__About this task__. Your answer should repeat exactly the lines from the one holding "ပြည်သူ့လွှတ်တော်ဥက္ကဋ္ဌ ဦးဝင်းမြင့်သည် ပြည်ထောင်စုသမ္မတ" through the end of the data, and it should contain no pictures.

Data START

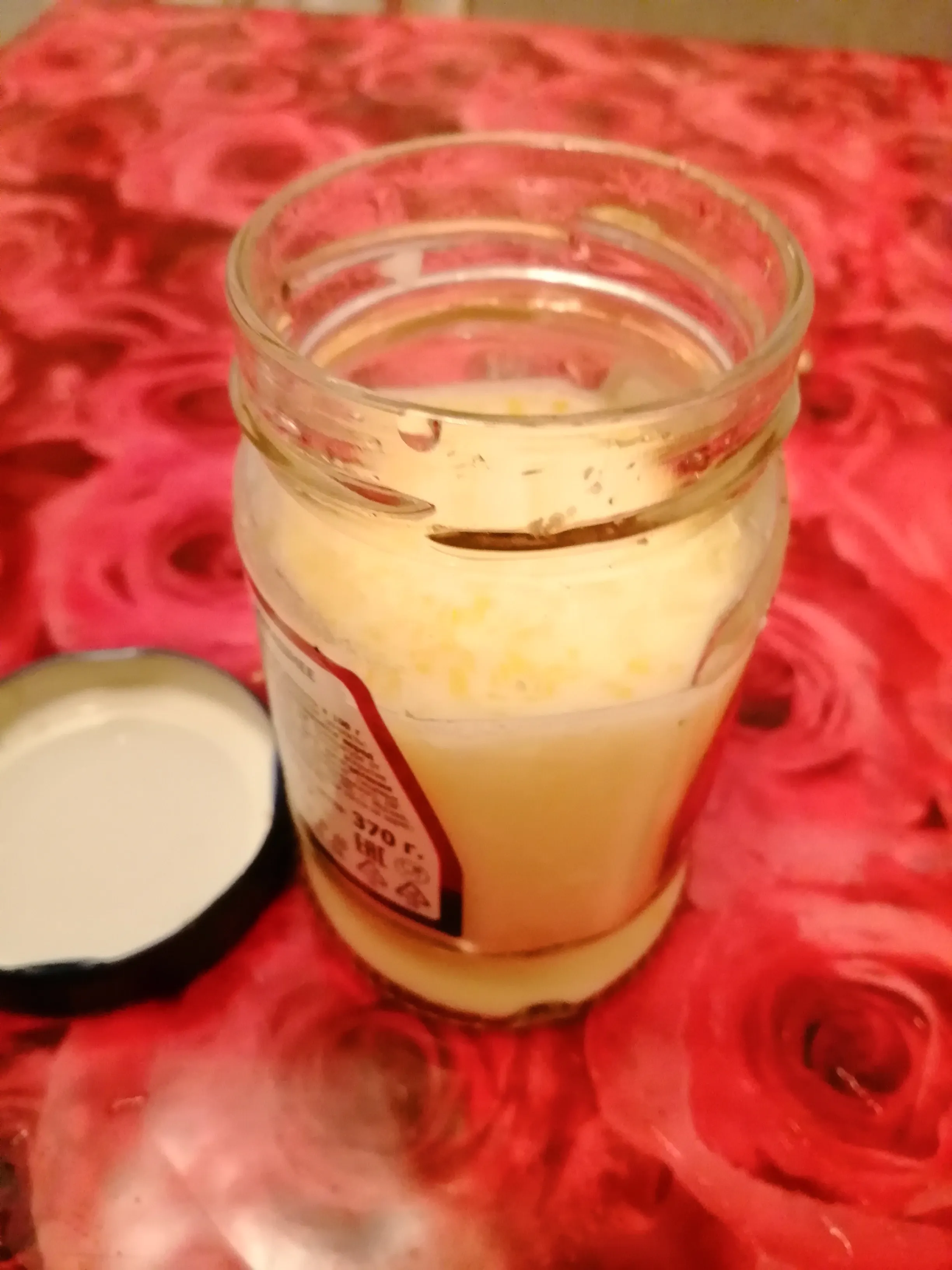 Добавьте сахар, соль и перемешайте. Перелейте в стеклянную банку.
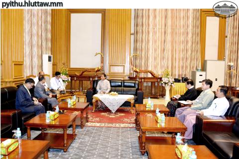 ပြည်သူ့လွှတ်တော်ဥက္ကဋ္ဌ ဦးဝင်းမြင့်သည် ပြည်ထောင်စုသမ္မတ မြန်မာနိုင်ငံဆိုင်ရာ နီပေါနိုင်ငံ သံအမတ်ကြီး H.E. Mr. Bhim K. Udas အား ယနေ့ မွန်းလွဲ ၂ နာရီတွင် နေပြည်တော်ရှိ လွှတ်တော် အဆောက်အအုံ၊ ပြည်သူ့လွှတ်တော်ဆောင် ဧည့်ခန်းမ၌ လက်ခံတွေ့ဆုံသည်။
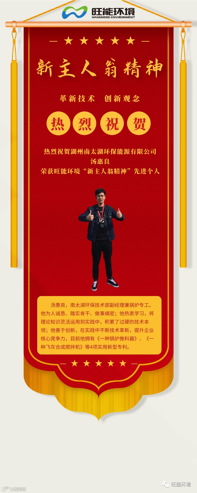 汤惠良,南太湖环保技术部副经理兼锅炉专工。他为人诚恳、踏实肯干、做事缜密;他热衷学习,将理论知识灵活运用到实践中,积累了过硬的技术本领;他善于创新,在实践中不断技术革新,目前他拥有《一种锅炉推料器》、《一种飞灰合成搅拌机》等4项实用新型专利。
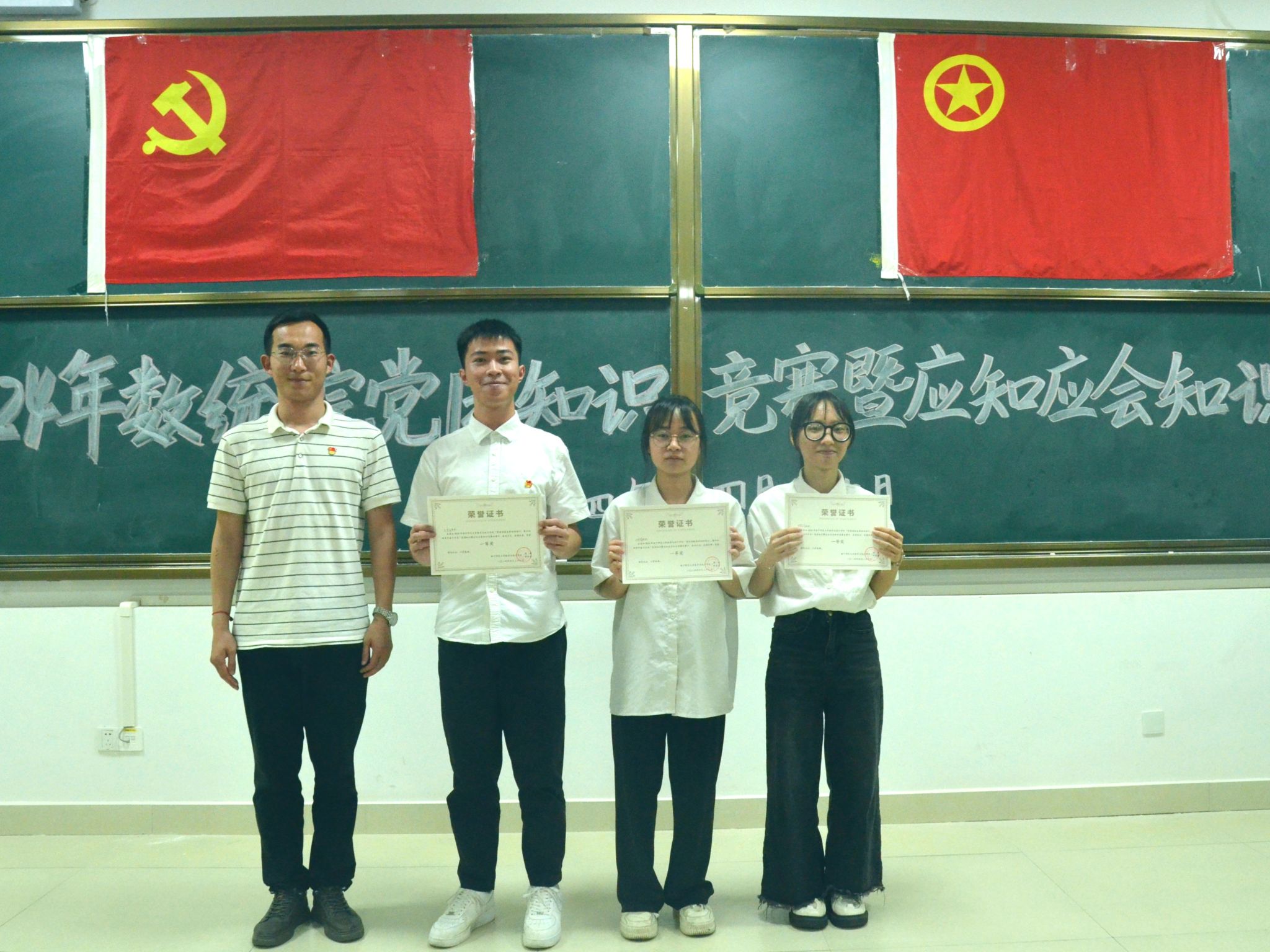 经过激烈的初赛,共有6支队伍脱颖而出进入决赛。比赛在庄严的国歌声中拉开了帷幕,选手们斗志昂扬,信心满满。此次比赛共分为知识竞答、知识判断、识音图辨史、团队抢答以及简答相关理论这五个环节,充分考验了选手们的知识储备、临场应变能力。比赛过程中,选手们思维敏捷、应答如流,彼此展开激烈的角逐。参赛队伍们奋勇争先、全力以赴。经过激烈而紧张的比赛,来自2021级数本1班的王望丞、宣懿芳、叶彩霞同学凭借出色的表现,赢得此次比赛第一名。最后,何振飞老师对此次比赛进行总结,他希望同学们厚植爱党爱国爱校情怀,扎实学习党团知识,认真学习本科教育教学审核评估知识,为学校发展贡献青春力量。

Data END

__Problem solution__.
 ပြည်သူ့လွှတ်တော်ဥက္ကဋ္ဌ ဦးဝင်းမြင့်သည် ပြည်ထောင်စုသမ္မတ မြန်မာနိုင်ငံဆိုင်ရာ နီပေါနိုင်ငံ သံအမတ်ကြီး H.E. Mr. Bhim K. Udas အား ယနေ့ မွန်းလွဲ ၂ နာရီတွင် နေပြည်တော်ရှိ လွှတ်တော် အဆောက်အအုံ၊ ပြည်သူ့လွှတ်တော်ဆောင် ဧည့်ခန်းမ၌ လက်ခံတွေ့ဆုံသည်။
 汤惠良,南太湖环保技术部副经理兼锅炉专工。他为人诚恳、踏实肯干、做事缜密;他热衷学习,将理论知识灵活运用到实践中,积累了过硬的技术本领;他善于创新,在实践中不断技术革新,目前他拥有《一种锅炉推料器》、《一种飞灰合成搅拌机》等4项实用新型专利。
 经过激烈的初赛,共有6支队伍脱颖而出进入决赛。比赛在庄严的国歌声中拉开了帷幕,选手们斗志昂扬,信心满满。此次比赛共分为知识竞答、知识判断、识音图辨史、团队抢答以及简答相关理论这五个环节,充分考验了选手们的知识储备、临场应变能力。比赛过程中,选手们思维敏捷、应答如流,彼此展开激烈的角逐。参赛队伍们奋勇争先、全力以赴。经过激烈而紧张的比赛,来自2021级数本1班的王望丞、宣懿芳、叶彩霞同学凭借出色的表现,赢得此次比赛第一名。最后,何振飞老师对此次比赛进行总结,他希望同学们厚植爱党爱国爱校情怀,扎实学习党团知识,认真学习本科教育教学审核评估知识,为学校发展贡献青春力量。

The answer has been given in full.